People aren’t going to ignore the reality that world wide terrorism today (as terrorism is actually defined. please don’t bother with changing the definition to alter statistics. That’s intellectually dishonest and won’t work with me) is almost exclusively an Islamic problem.

She needs to get used to this question being asked, and be ready with a response. She needs to understand for herself how she is different than those who murder in her religion’s name, as well as be able to explain that to others. Anything else is just sticking your head in the sand and wishing it would just go away.
 
People aren’t going to ignore the reality that world wide terrorism today (as terrorism is actually defined. please don’t bother with changing the definition to alter statistics. That’s intellectually dishonest and won’t work with me) is almost exclusively an Islamic problem.

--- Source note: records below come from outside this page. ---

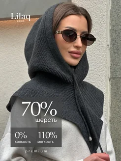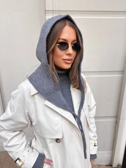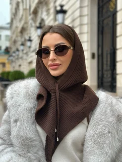 Капор зимний вязаный, съемный капюшон
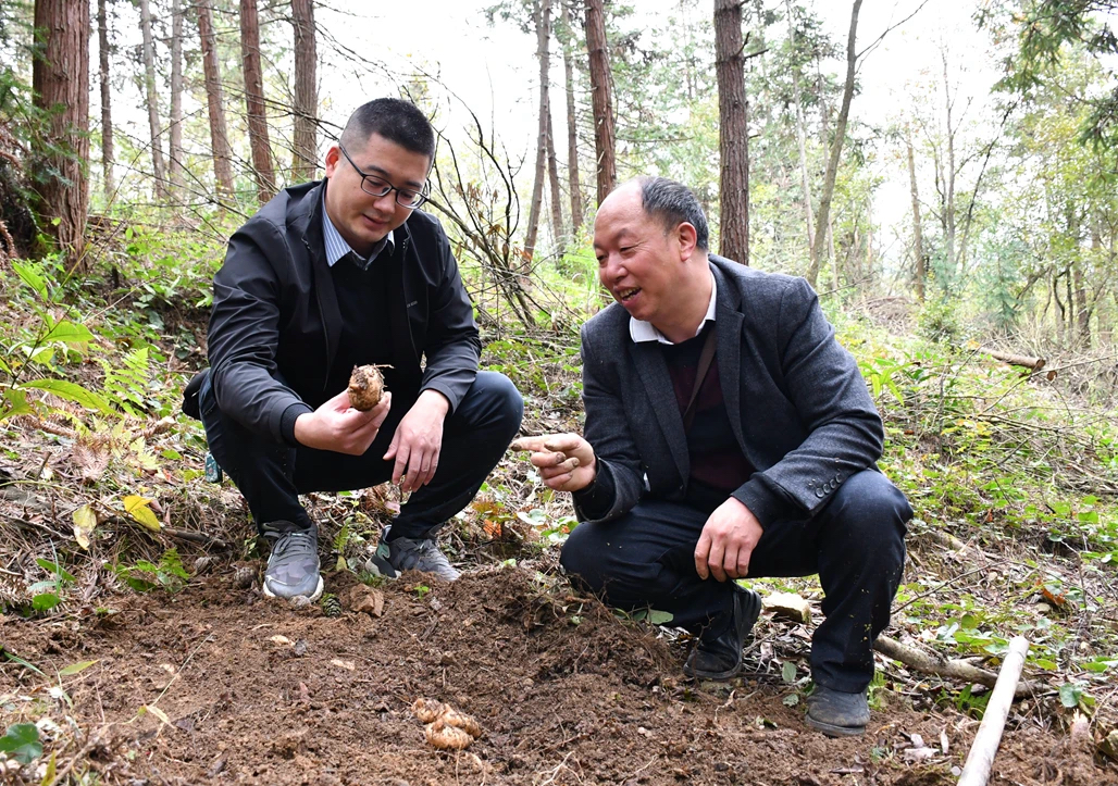 初冬时节,在遵义市道真自治县阳溪镇阳溪社区石垭口林下中药材种植示范基地里,药农张道琼正小心翼翼地拨开杂草和泥土,看着一个个状若土豆的鲜天麻“破土而出”,张道琼的脸上洋溢着丰收的喜悦。
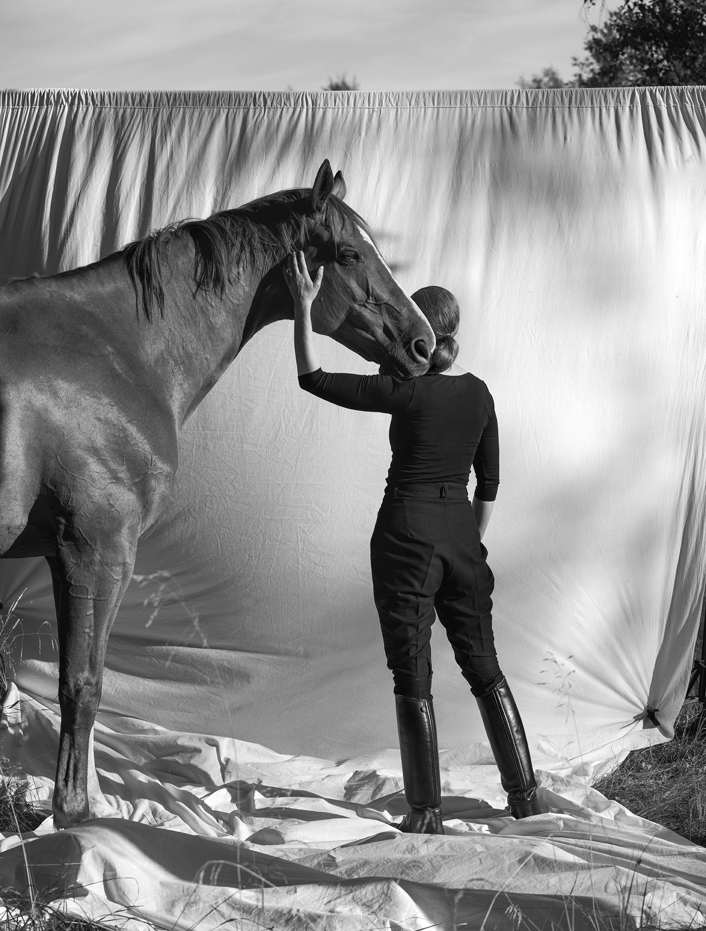 Anja Niemi: A riding accident as a child scared me away from riding most of my life, but when my daughter started riding a few years ago, I realised that I had been missing something. Every time I was in the stable with her I felt so much joy, and realised I wanted horses back in my life. I now own a beautiful Hanoverian with my sister and it has changed my life. My main task is to overcome my fear, become a confident rider and keep this lovely guy happy and healthy. As a photographer I naturally felt drawn to this new part of my life, so I started working on a new character, ‘THE RIDER.’ I feel like everything has been infused with horses and I wanted a place where it could all fit naturally together, so I started the Instagram account @thehorse.anjaniemi It’s a nice way to connect with like-minded horse girls and cheer each other on.
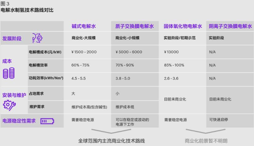 具體來(lái)看,堿式(AE)電解槽和質(zhì)子交換膜(PEM)電解槽是目前全球和中國(guó)范圍內(nèi)具備商業(yè)化能力的唯二路徑,且各有千秋。而對(duì)于中國(guó)來(lái)說(shuō),堿式電解水制氫最具經(jīng)濟(jì)性(如圖3)。

She needs to get used to this question being asked, and be ready with a response. She needs to understand for herself how she is different than those who murder in her religion’s name, as well as be able to explain that to others. Anything else is just sticking your head in the sand and wishing it would just go away.
Your response makes my response unnecessary 👍
 
This is something all minorities are destined to have. The parents will have to explain the child what their attitude to a particular problem is. If a person is of an unusual background, he or she should always be prepared to answer questions. However, You are right in that the teacher’s must strangle such “finger-pointing” attitudes in cradle.
 
Was being Irish conflated with terrorism to the extent that being a Muslim has been? Turn on any TV show like NCIS or others that deal with terrorism in the US and you’ll regularly see Muslim terrorists. For a kid, I can see how this would confuse them.
 
She’s a kid! :mad:
I share in the sentiment. :mad:

Over in India, we’ve had a variety of issues of a similar manner popping up - doubly worse in certain cases because of our rather long and sordid history with Pakistan.

So you are either a Terrorist or a Traitor to the Nation if you happen to be a Muslim… :rolleyes:
 
The classmate who asked little Farah why there is a sizable minority within Islam that thinks it’s okay to kill innocent people is* also* a kid, you know.

The parents of both children will have to teach their children that most Muslims are good people, but there exists a large and historically significant minority of Muslims who believe that to be Muslim is to believe and do evil things. Many of the good people who fight and/or speak out against this latter group are Muslims themselves, and they are heroic and brave.

It is important for both children in this case to hear that from their parents. And the teacher should explain this difference as well if she notices this is an issue.
 
Thanks for your answer. I think it’s an example of the resiliency of the tribal mentality in human society, probably a holdover from the days when those strangers appeared on the horizon or wandered into a hunting camp. We still find ways to make things “us vs them”, and look for characteristics with which to classify people as one or the other.
 
People aren’t going to ignore the reality that world wide terrorism today (as terrorism is actually defined. please don’t bother with changing the definition to alter statistics. That’s intellectually dishonest and won’t work with me) is almost exclusively an Islamic problem.

She needs to get used to this question being asked, and be ready with a response. She needs to understand for herself how she is different than those who murder in her religion’s name, as well as be able to explain that to others. Anything else is just sticking your head in the sand and wishing it would just go away.
This is not the way that we are supposed to treat each other. By failing to protect Muslim children from bullying we make them outliers in our society thus contributing to their radicalization. By failing to correct and stop the bully we facilitate the self-destructive damage that a bully inflicts on his own soul.